- [Given material]:
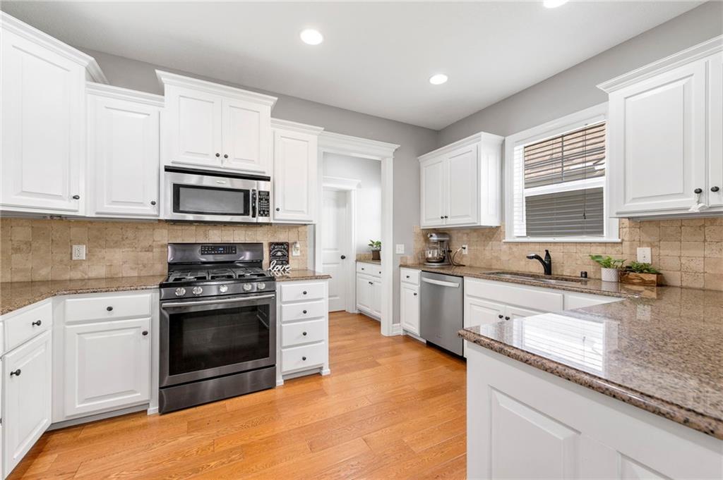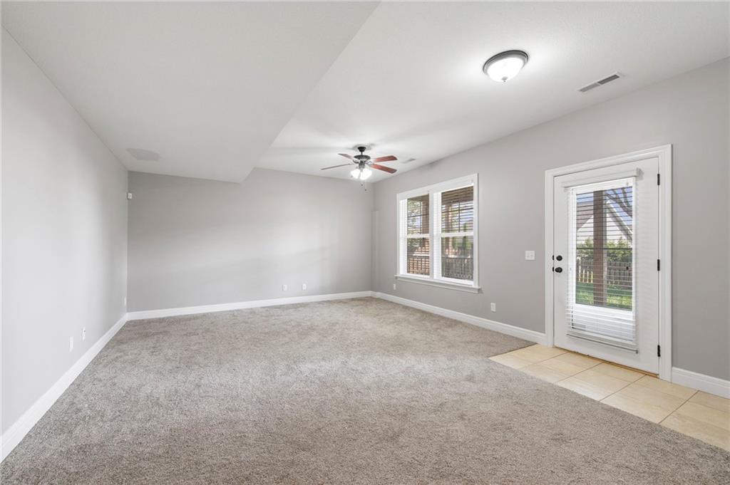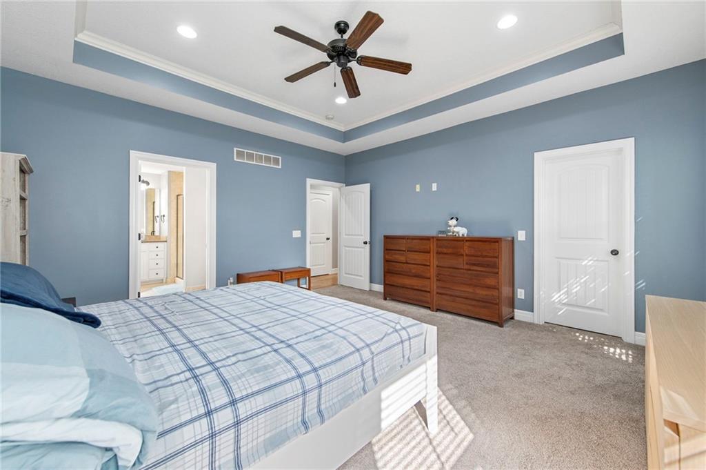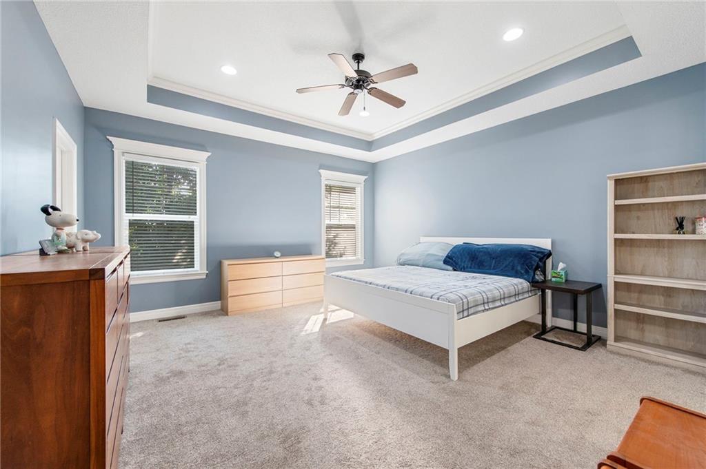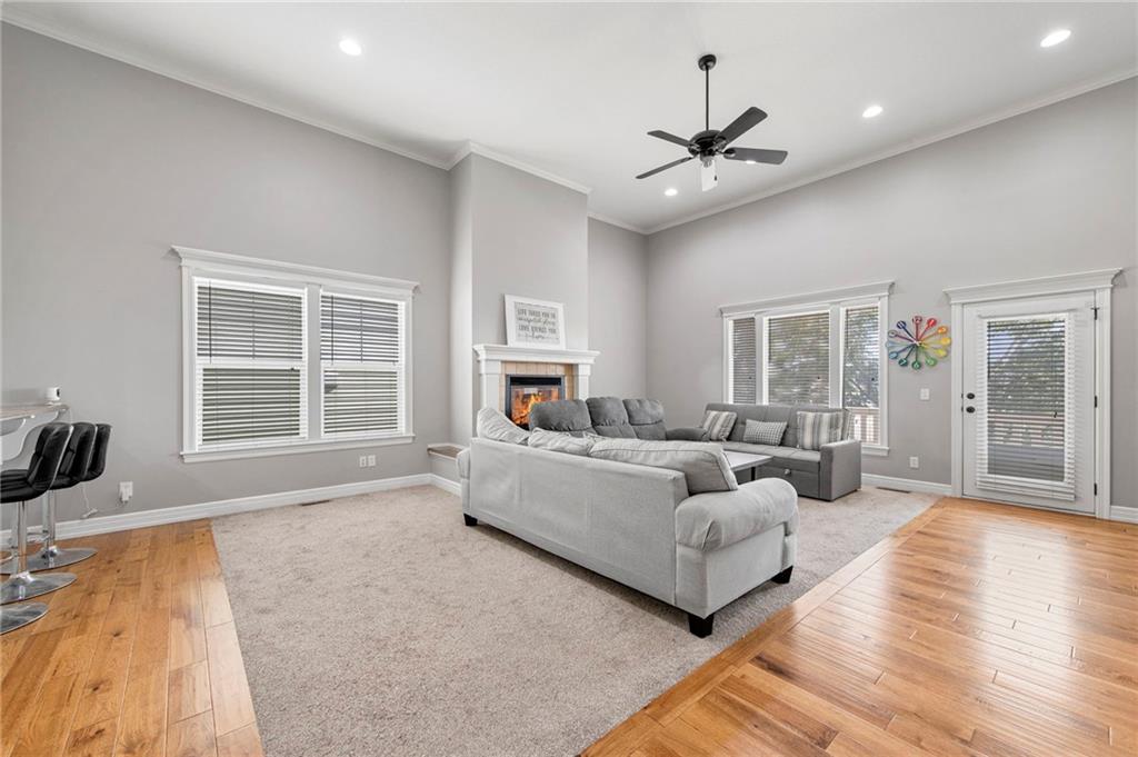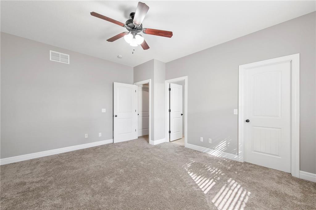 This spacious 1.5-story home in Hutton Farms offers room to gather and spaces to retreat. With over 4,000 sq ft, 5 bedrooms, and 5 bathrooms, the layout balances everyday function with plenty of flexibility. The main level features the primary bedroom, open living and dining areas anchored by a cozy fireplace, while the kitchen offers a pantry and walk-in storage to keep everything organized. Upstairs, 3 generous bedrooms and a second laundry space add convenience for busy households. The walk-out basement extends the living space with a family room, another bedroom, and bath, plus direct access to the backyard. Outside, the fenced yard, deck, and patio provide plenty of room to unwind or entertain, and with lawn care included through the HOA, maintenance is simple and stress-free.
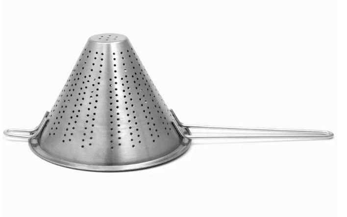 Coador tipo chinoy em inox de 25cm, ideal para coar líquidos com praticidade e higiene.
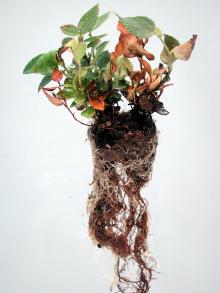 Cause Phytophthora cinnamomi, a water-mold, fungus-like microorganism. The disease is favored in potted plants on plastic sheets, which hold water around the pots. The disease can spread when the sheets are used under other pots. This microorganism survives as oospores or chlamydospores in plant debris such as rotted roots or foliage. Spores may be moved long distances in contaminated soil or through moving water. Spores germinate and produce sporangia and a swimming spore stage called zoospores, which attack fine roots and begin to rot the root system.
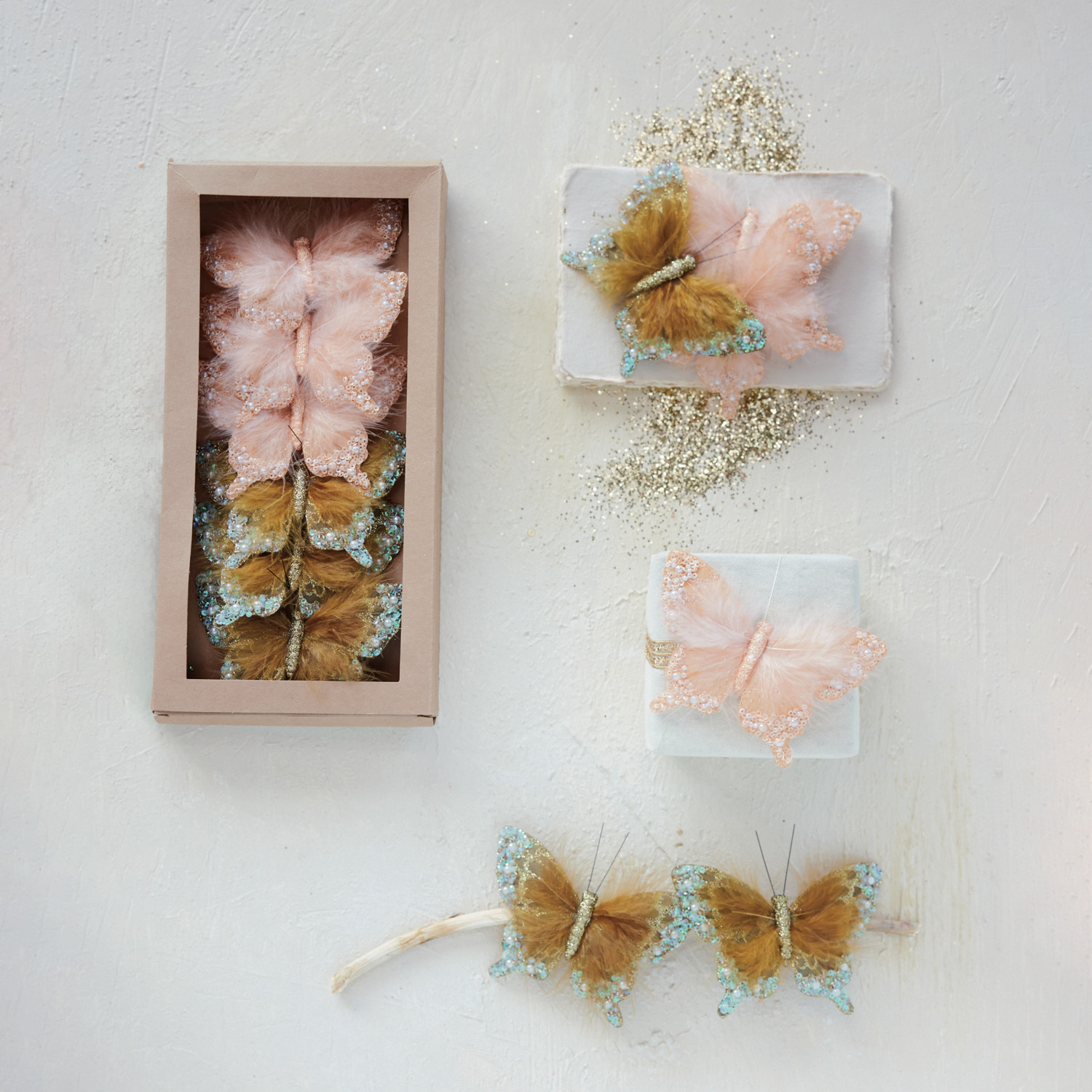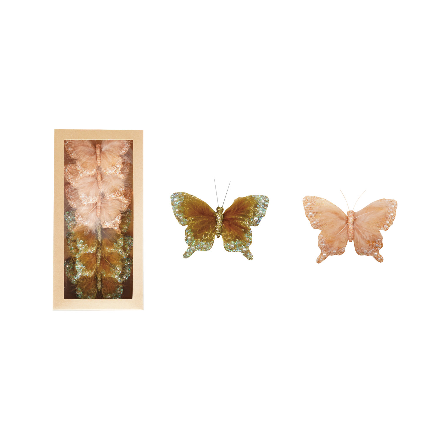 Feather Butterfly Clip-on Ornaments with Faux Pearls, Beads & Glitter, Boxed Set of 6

- [Exercise]:
For this exercise, please set down exactly the lines of the listing above from the line with "Coador tipo chinoy" up to and including the line with "Cause Phytophthora cinnamomi, a", and no pictures.

- [Finished task]:
 Coador tipo chinoy em inox de 25cm, ideal para coar líquidos com praticidade e higiene.
 Cause Phytophthora cinnamomi, a water-mold, fungus-like microorganism. The disease is favored in potted plants on plastic sheets, which hold water around the pots. The disease can spread when the sheets are used under other pots. This microorganism survives as oospores or chlamydospores in plant debris such as rotted roots or foliage. Spores may be moved long distances in contaminated soil or through moving water. Spores germinate and produce sporangia and a swimming spore stage called zoospores, which attack fine roots and begin to rot the root system.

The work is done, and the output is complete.